Why are the checkout pages even public? No robots.txt, a lot of private informat...

clicks · on April 5, 2013

https://encrypted.google.com/search?q=site:https://coinbase....

Phone no., names, addresses, e-mails, etc. all out. This is indeed pretty bad. A lot of people I know who use BTC use it foremost for privacy reasons, it is tremendously ironic how this has worked out.

thefreeman · on April 5, 2013

If you are using BTC for privacy, then using a third party hosted wallet is not a very good plan.

johnyzee · on April 5, 2013

Presumably you can take your bitcoins out whenever you want if you need to use them anonymously.

smallegan · on April 5, 2013

This is seller information to tell you who you are paying. There is no data leak here.

Zirro · on April 5, 2013

Using a robots.txt-file to hide data that shouldn't be public in the first place is a rather bad idea. Because the robots.txt itself is public, it actually highlights the location of the "private" data.

benmanns · on April 5, 2013

And, Google had to find a link to this content somehow, which means it's publicly accessible from some Coinbase page.

manojlds · on April 5, 2013

That is what I am wondering. Here I am building a web site and wondering how to make Google index sites behind authentication and such, and here is a site that has got everything indexed.

benmanns · on April 5, 2013

After reading Coinbase's response, it seems that the pages were not linked to by Coinbase, but by users posting links to their checkout page on the Internet.
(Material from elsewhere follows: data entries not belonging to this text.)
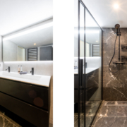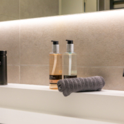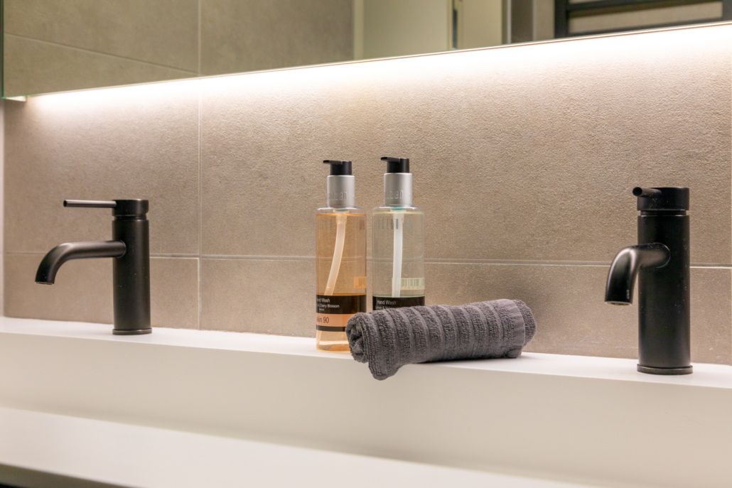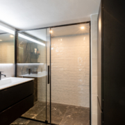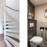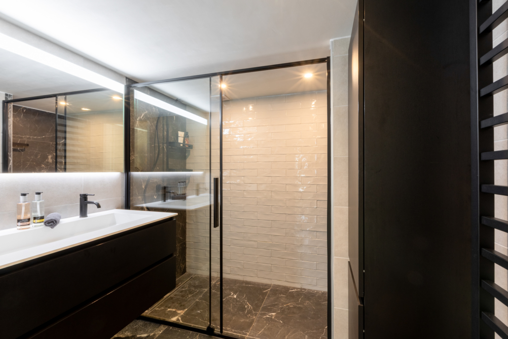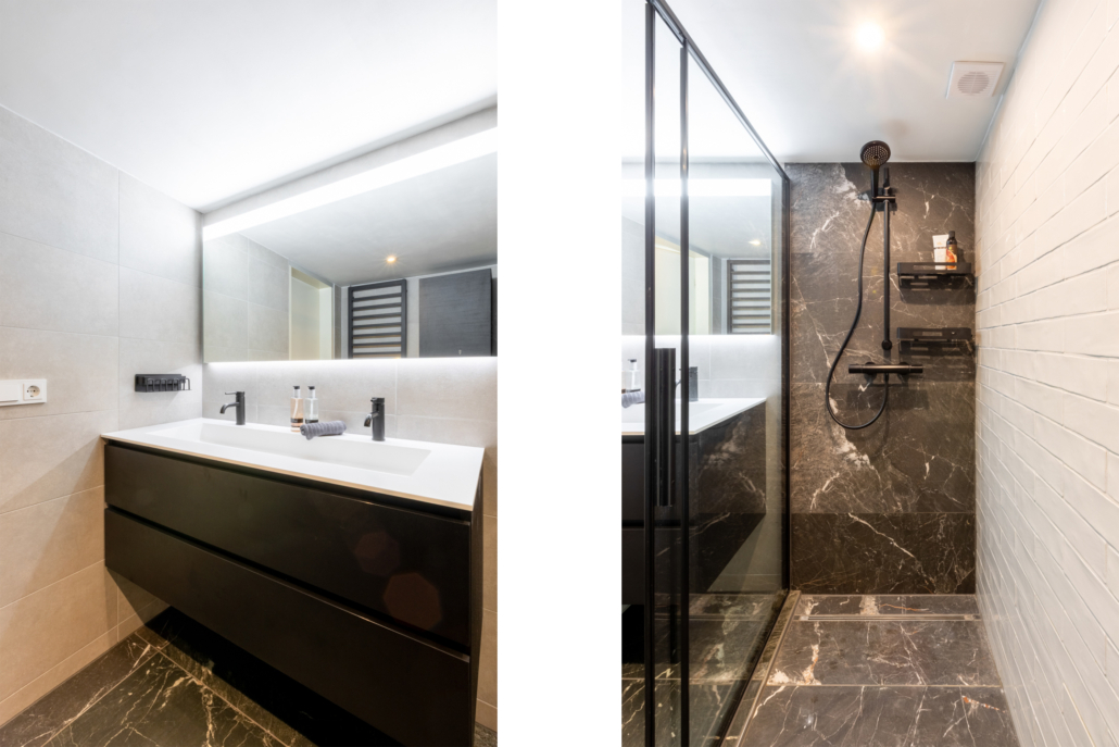 Moderne en ruime badkamer met grote doucheruimte en dubbel wastafelmeubel. Er is een aparte toiletruimte op de verdieping.
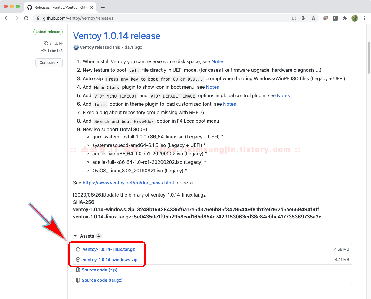 ✅ Ventory 다운로드먼저 Ventoy를 다운로드 받아 보겠습니다. 파일 용량도 상당히 가볍습니다. 현재 최신 1.0.14 버전을 기준, Windows 버전이 약 4.5MB이고, Linux 버전이 약 4.6MB입니다. 아래 링크를 클릭하면 다운로드 페이지로 연결됩니다. 공식 페이지에서 직접 배포하는 것은 아니고, github.com을 통해 배포하기 때문에 한번 더 링크를 타고 들어가야 합니다.
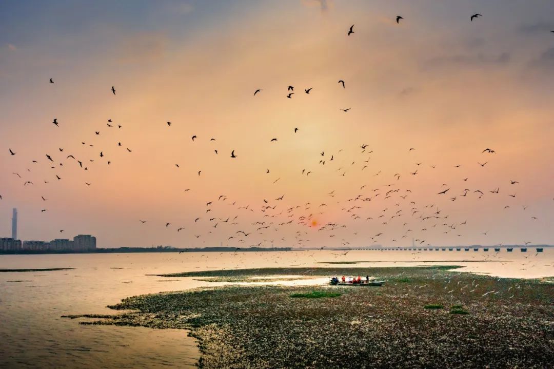 退渔还湖形成的12个生态湿地小岛,通过栈桥串联,成为白鹭、野鸭等鸟类的栖息地。骑行至湿地观测点,可近距离感受生物多样性之美。
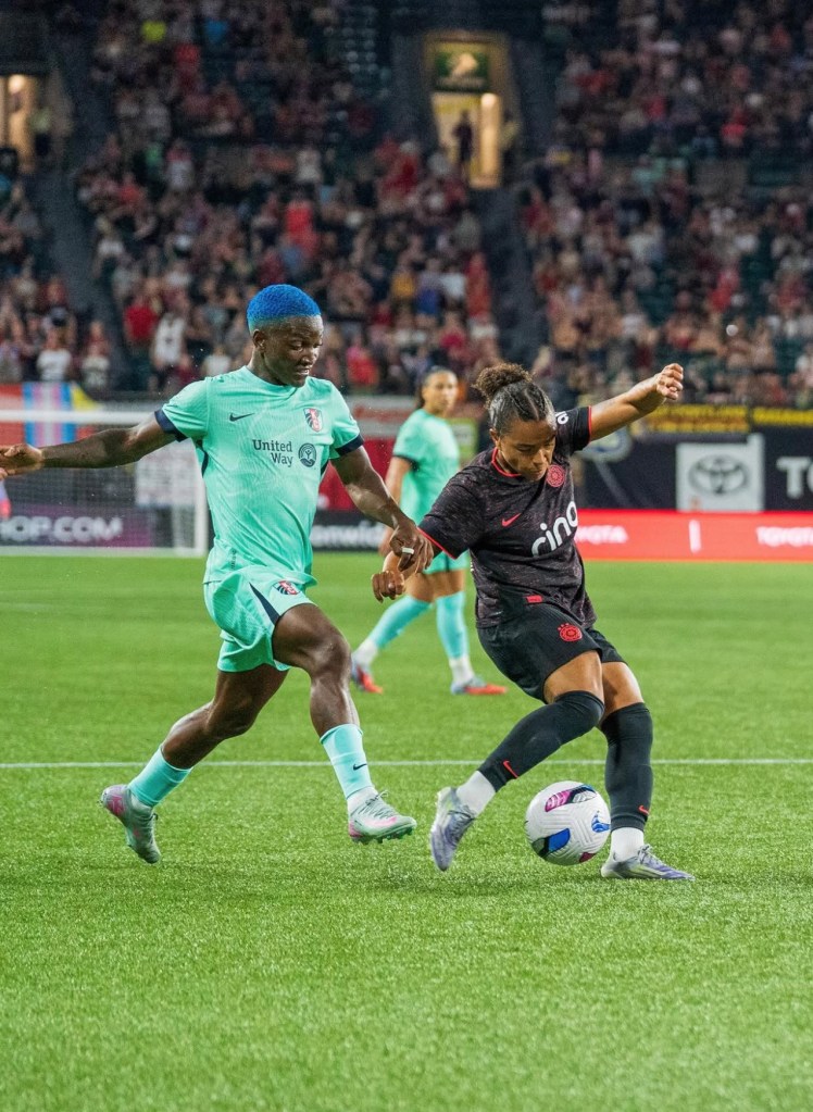 All three Canadians saw action for their clubs in Kansas City Current’s 2-0 win over the Portland Thorns. Nichelle Prince played 62 minutes for the Current, and for the Thorns, Jessie Fleming played 58 minutes, subbing off for Mimi Alidou.

ntumlin · on April 5, 2013

What's a good alternative to robots.txt?

espo · on April 5, 2013

Proper access control on your web site.

Cthulhu_ · on April 5, 2013

Simply not showing the transaction if you're not logged in and not the user belonging to the transaction?

enoptix · on April 5, 2013

You can also specify a meta robots tag inside the page HTML. If you want to block a lot of pages, your best bet would be to add it to your master layout or template. You get the same effect of blocking on robots.txt but without exposing a list of blocked pages.

The downside is that Google will still crawl the page and use your bandwidth, but the page won't be indexed.

JimWestergren · on April 5, 2013

I would suggest both these two: Check the user agent for bots and if it is a bot send a 404 header and exit before page needs to load. Also add a meta noindex just in case. Robots.txt DOES NOT prevent indexing, just crawling.

dpcx · on April 5, 2013

Blocking access to googlebot for those pages is the easiest. But robots.txt would work, if you just did

Ignore /checkouts/